Now, on returning to our soap-bubbles, you may remember that I stated that the catenoid and the plane were the only figures of revolution which had no curvature, and which therefore produced no pressure. There are plenty of other surfaces which are apparently curved in all directions and yet have no curvature, and which therefore produce no pressure; but these are not figures of revolution, that is, they cannot be obtained by simply spinning a curved line about an axis. These may be produced in any quantity by making wire frames of various shapes and dipping them in soap and water. On taking them out a wonderful variety of surfaces of no curvature will be seen. One such surface is that known as the screw-surface. To produce this it is only necessary to take a piece of wire wound a few times in an open helix (commonly called spiral), and to bend the two ends so as to meet a second wire passing down the centre. The screw-surface developed by dipping this frame in soap-water is well worth seeing (Fig. 49). It is impossible to give any idea of the perfection of the form in a figure, but fortunately this is an experiment which any one can easily perform.

Fig. 50.

Then again, if a wire frame is made in the shape of the edges of any of the regular geometrical solids, very beautiful figures will be found upon them after they have been dipped in soap-water. In the case of the triangular prism these surfaces are all flat, and at the edges where these planes meet one another there are always three meeting each other at equal angles (Fig. 50). This, owing to the fact that the frame is three-sided, is not surprising. After looking at this three-sided frame with three films meeting down the central line, you might expect that with a four-sided or square frame there would be four films meeting each other in a line down the middle. But it is a curious thing that it does not matter how irregular the frame may be, or how complicated a mass of froth may be, there can never be more than three films meeting in an edge, or more than four edges, or six films, meeting in a point. Moreover the films and edges can only meet one another at equal angles. If for a moment by any accident four films do meet in the same edge, or if the angles are not exactly equal, then the form, whatever it may be, is unstable; it cannot last, but the films slide over one another and never rest until they have settled down into a position in which the conditions of stability are fulfilled. This may be illustrated by a very simple experiment which you can easily try at home, and which you can now see projected upon the screen. There are two pieces of window-glass about half an inch apart, which form the sides of a sort of box into which some soap and water have been poured. On blowing through a pipe which is immersed in the water, a great number of bubbles are formed between the plates. If the bubbles are all large enough to reach across from one plate to the other, you will at once see that there are nowhere more than three films meeting one another, and where they meet the angles are all equal. The curvature of the bubbles makes it difficult to see at first that the angles really are all alike, but if you only look at a very short piece close to where they meet, and so avoid being bewildered by the curvature, you will see that what I have said is true. You will also see, if you are quick, that when the bubbles are blown, sometimes four for a moment do meet, but that then the films at once slide over one another and settle down into their only possible position of rest (Fig. 51).

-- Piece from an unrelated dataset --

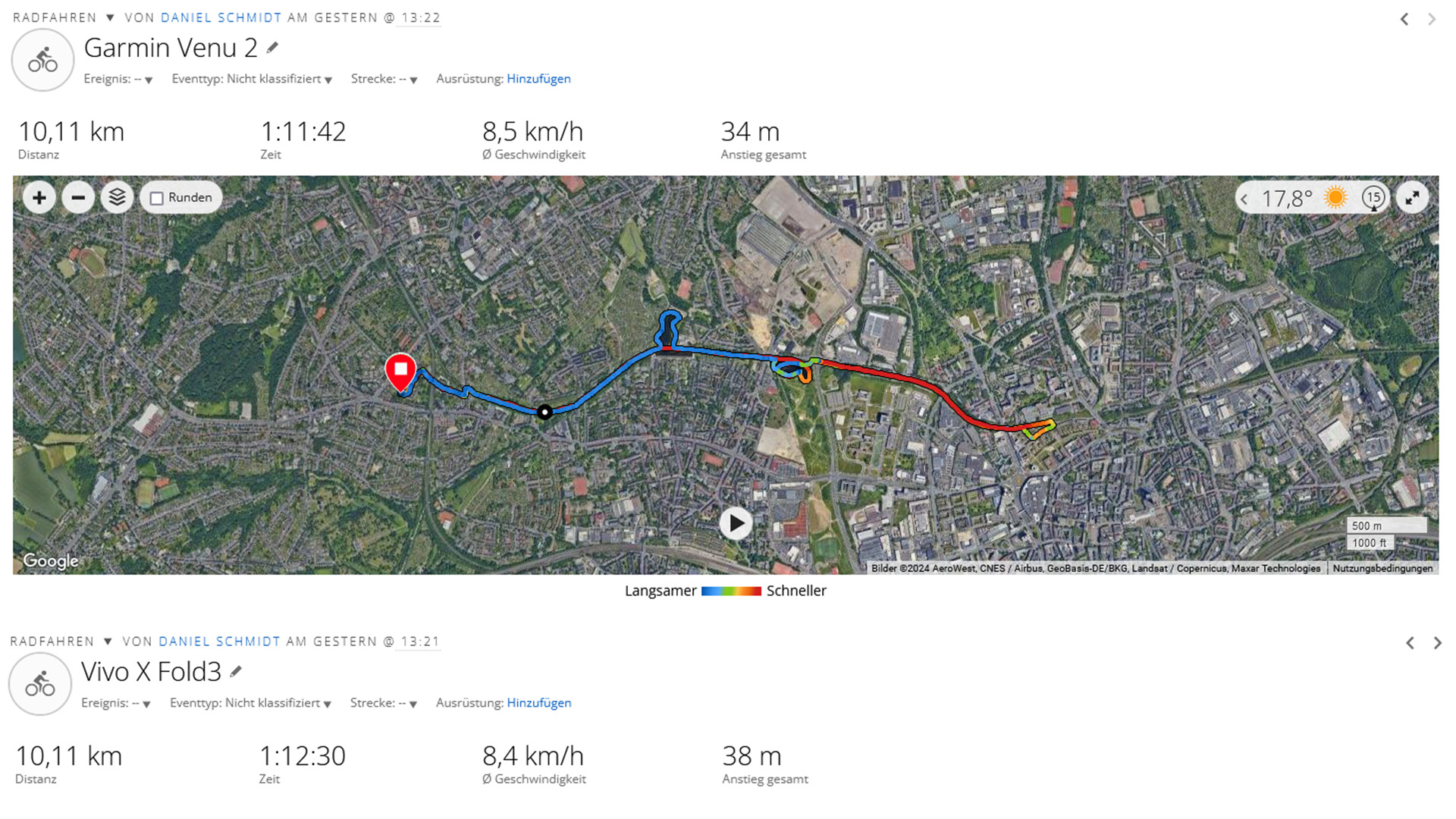 X Fold3 kan använda globala satellitnätverk i dualband för att bestämma sin position. På en cykeltur tog vi en titt på positioneringskvaliteterna i jämförelse med en Garmin Venu 2. Även om det totala avståndet som vi fastställde på Vivo Phone är identiskt med Garmin-klockan, kan man se mindre felaktigheter i den detaljerade rutten.

The air inside a bubble is generally under pressure, which is produced by its elasticity and curvature. If the bubble would let the air pass through it from one side to the other of course it would soon shut up, as it did when a ring was hung upon one, and the film within the ring was broken. But there are no holes in a bubble, and so you would expect that a gas like air could not pass through to the other side. Nevertheless it is a fact that gases can slowly get through to the other side, and in the case of certain vapours the process is far more rapid than any one would think possible.

Fig. 51.

Fig. 52.

Ether produces a vapour which is very heavy, and which also burns very easily. This vapour can get to the other side of a bubble almost at once. I shall pour a little ether upon blotting-paper in this bell jar, and fill the jar with its heavy vapour. You can see that the jar is filled with something, not by looking at it, for it appears empty, but by looking at its shadow on the screen. Now I tilt it gently to one side, and you see something pouring out of it, which is the vapour of ether. It is easy to show that this is heavy; it is only necessary to drop into the jar a bubble, and so soon as the bubble meets the heavy vapour it stops falling and remains floating upon the surface as a cork does upon water (Fig. 52). Now let me test the bubble and see whether any of the vapour has passed to the inside. I pick it up out of the jar with a wire ring and carry it to a light, and at once there is a burst of flame. But this is not sufficient to show that the ether vapour has passed to the inside, because it might have condensed in sufficient quantity upon the bubble to make it inflammable. You remember that when I poured some of this vapour upon water in the first lecture, sufficient condensed to so weaken the water-skin that the frame of wire could get through to the other side. However, I can see whether this is the true explanation or not by blowing a bubble on a wide pipe, and holding it in the vapour for a moment. Now on removing it you notice that the bubble hangs like a heavy drop; it has lost the perfect roundness that it had at first, and this looks as if the vapour had found its way in, but this is made certain by bringing a light to the mouth of the tube, when the vapour, forced out by the elasticity of the bubble, catches fire and burns with a flame five or six inches long (Fig. 53). You might also have noticed that when the bubble was removed, the vapour inside it began to pass out again and fell away in a heavy stream, but this you could only see by looking at the shadow upon the screen.